Лев Толстой о лошади

Юрий Боченин
    Лев Николаевич Толстой с детства и до самой глубокой старости с особым любовью и пониманием относился к лошадям. Ему приходилось идти за лошадью с плугом, а будучи уже за восемьдесят лет он почти ежедневно с привычной ловкостью садился в седло и одолевал верхом не один десяток километров по лесистым окрестностям Ясной Поляны.  Уже отказавшись от права собственности на усадьбу и доход  от продажи своих произведений, он помогал неимущему крестьянину в покупке лошади.
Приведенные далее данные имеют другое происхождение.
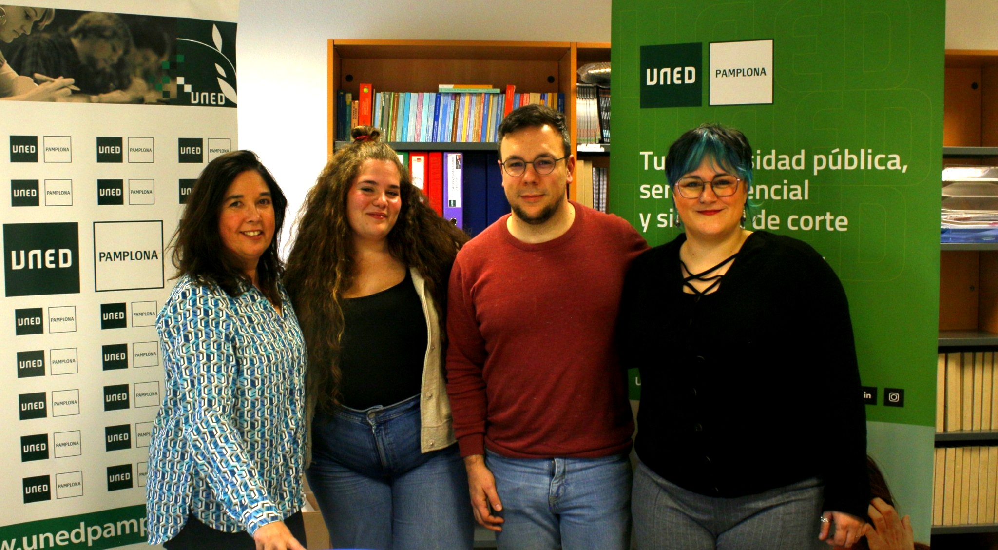 Nos acompañan Dorleta García Melero, premio al mejor expediente académico 2023-2024 en el Grado en Estudios Ingleses; Sara Redondo, graduada en Psicología y actualmente estudiante de máster; y Daniel Priego, graduado en Estudios Ingleses, con Máster del Profesorado y ya ejerciendo como docente.

   Век Толстого – это век лошади.  Хотя паровоз, автомобиль, аэроплан появились в годы его зрелости, они в народе не имели существенной значимости – основной тягловой силой при поездках и при обработке пашни оставалась лошадь.
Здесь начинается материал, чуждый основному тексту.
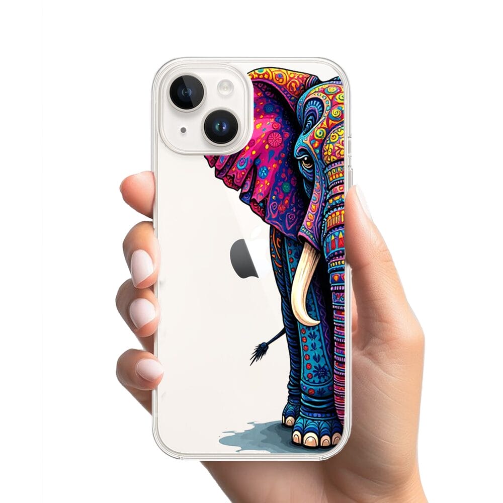 Etui do iPhone 14 przeźroczyste, silikonowe Flexi, Dzika Mandala, Słoń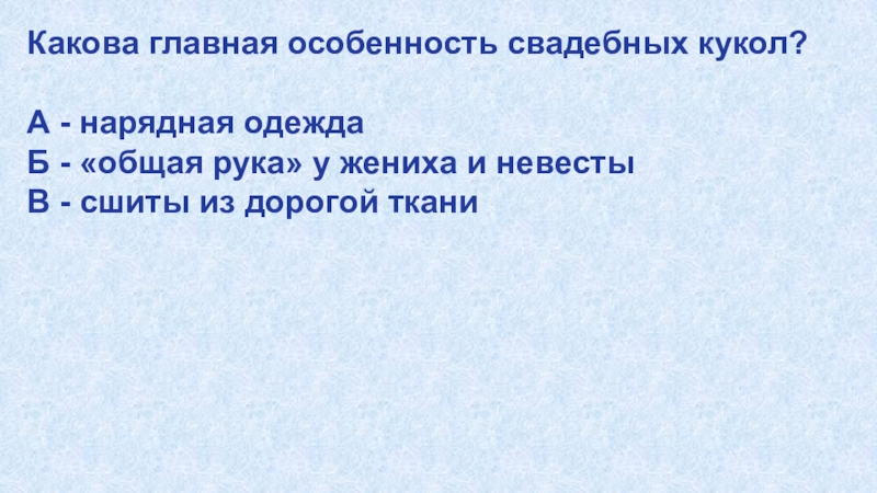 Встреча молодых - караваем и солью, главная особенность свадебных кукол - «общая рука» у жениха и невесты.

   Почти во всех произведениях писателя упоминается лошадь или мельком, или по ходу действия развёрнуто. Толстой не старается изобразить лошадь с точки зрения коневодства: как-то порода, масть, экстерьер, стати, постановки ног, состояние зубов и т. д. Писателя интересует, прежде всего, взаимоотношения животного и человека, их не только материальная, но и духовная связь.

   Уже в первом своём произведении «Детство» в главах о подготовке к охоте и самой охоты Толстой видит лошадь глазами маленького дворянина Николеньки:

   «Я был в сильном нетерпении: взлез на свою лошадку, смотрел ей между ушей и делал по двору разные эволюции.

  – Собак не извольте раздавить, – сказал мне какой-то охотник.

  – Будь покоен: мне не в первый раз, – отвечал я гордо».

  Маленький Николенька с восхищением завидует своему брату:

   «На лошади же он был очень хорош – точно большой. Обтянутые ляжки его лежали на седле так хорошо, что мне было завидно, – особенно потому, что, сколько я мог судить по тени, я далеко не имел такого прекрасного вида».

   В романе-эпопее «Война и мир»  на многих страницах  есть строки о лошади. Это объяснимо: лошадь и в мирной жизни, и особенно на войне была неотъемлемой частью как крестьянина, так и всадника-кавалериста.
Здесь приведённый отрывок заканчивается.